The House committee “has discovered serious violations of the public trust, and the American people have a right to know when officials in crucial institutions are abusing their authority for political purposes.

  • Rep. Devin Nunes

 

“This is far worse than Watergate. This is an abuse of surveillance and intelligence to win an election. It is a massive abuse of power, and it was all done by just a few people who think and thought they knew better than you about who should be the president of the United States. It is the biggest national scandal by far in our lifetime.”

  • Sean Hannity

 

          Accepting the argument that the Republican members of the House Permanent Select Committee on Intelligence promote requires one to believe that the FBI and Obama Department of Justice set a level of incompetence that would make the Buchanan administration swoon.  Their fundamental argument is that the FBI and Justice abused their authority to undermine the Trump campaign in an effort to assist the Clinton campaign.  Hannity, et al., proclaim that leadership committed a fundamental violation of the Fourth Amendment and all of this was done to assist Sec. Clinton.  The facts simply do not support the suggestion.

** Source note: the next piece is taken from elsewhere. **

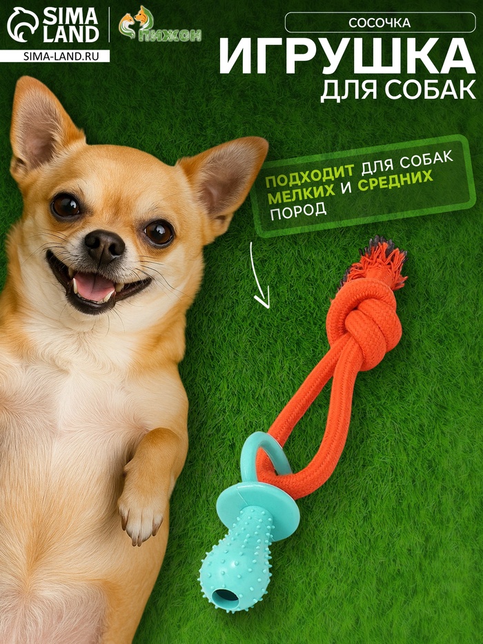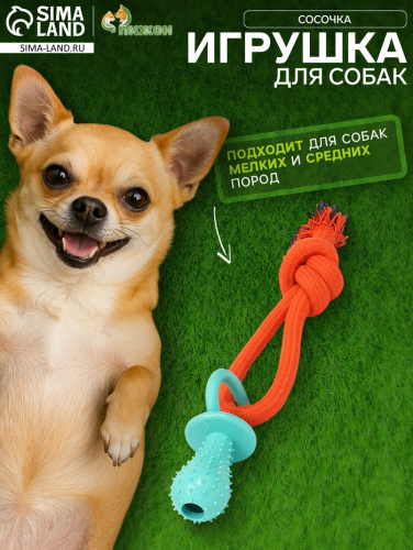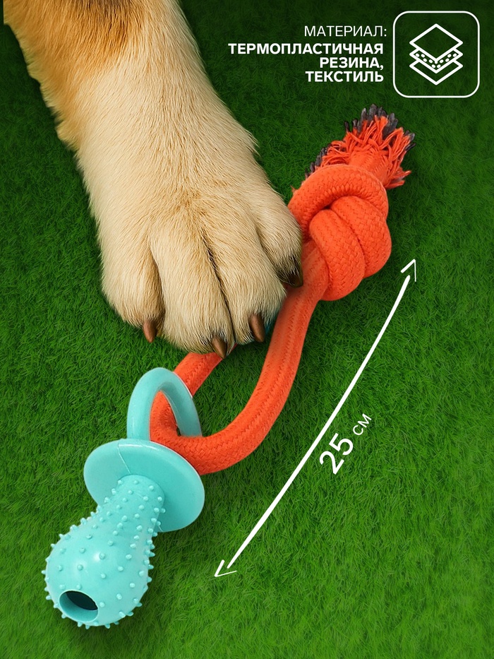 Игрушка жевательная с канатом «Сосочка», до 25 см, оранжевая, голубая

          Trump identified Carter Page as one of his foreign policy specialists on March 21, 2016.  The FBI, however, did not reveal at that time that it had interviewed Page in 2013, in connection with a Russian spy ring.  Certainly, the FBI did not reveal that it had interviewed Page in connection with possible Russian recruitment efforts.  That disclosure could have adversely impacted the Trump campaign.

          The FBI and Justice sought the FISA warrant in October 2016.  Of course, Page had already left the Trump campaign by that date.  Yet, neither FBI nor Justice officials thought to leak to the press of the existence of the FISA warrant.  Potentially, that disclosure would have embarrassed the campaign and suggested an even stronger link between the rumoured connection between Trump and Russia.  In short, officials within the Obama administration had multiple opportunities to leak damaging information that would directly impact the Trump campaign, yet it did not take such action.

          Instead, FBI Director Comey revealed on October 28, that the FBI had reopened its investigation into the Clinton e-mails.  On that date, Clinton had a five percent lead and Trump had only an estimate nine percent chance of winning.  Certainly, individuals have connected that disclosure with Clinton’s electoral loss in 2016.

          The track of history undermines any suggestion that the FBI and Justice Department worked in favour of the Clinton campaign.  The steps that Director Comey took, or did not take, in October 2016, had the opposite impact of what individuals now wish to argue happened then.  No evidence exists to suggest a deep state conspiracy against the Trump campaign or Donald Trump.

          The process underlying a FISA warrant defeats the existing conspiracy story.  A FISA warrant utilizes multiple sources, runs approximately 60 to 80 pages in length and, on average, ten people review the application.  The Director of the FBI and the Deputy Attorney General must sign off on the application. In drafting the application for a FISA warrant, the government must demonstrate that the individual was “knowingly engaging in clandestine intelligence gathering activities for or on behalf of” another nation.  The government then must present its application before a federal judge whom the Chief Justice of the Supreme Court has appointed to a seven-year term on a special FISA court.  These judges, in turn, have years of experience including handling warrant applications in criminal matters.  While the potential for abuse exists, the probability of Rep. Nunes’s story is remarkably low.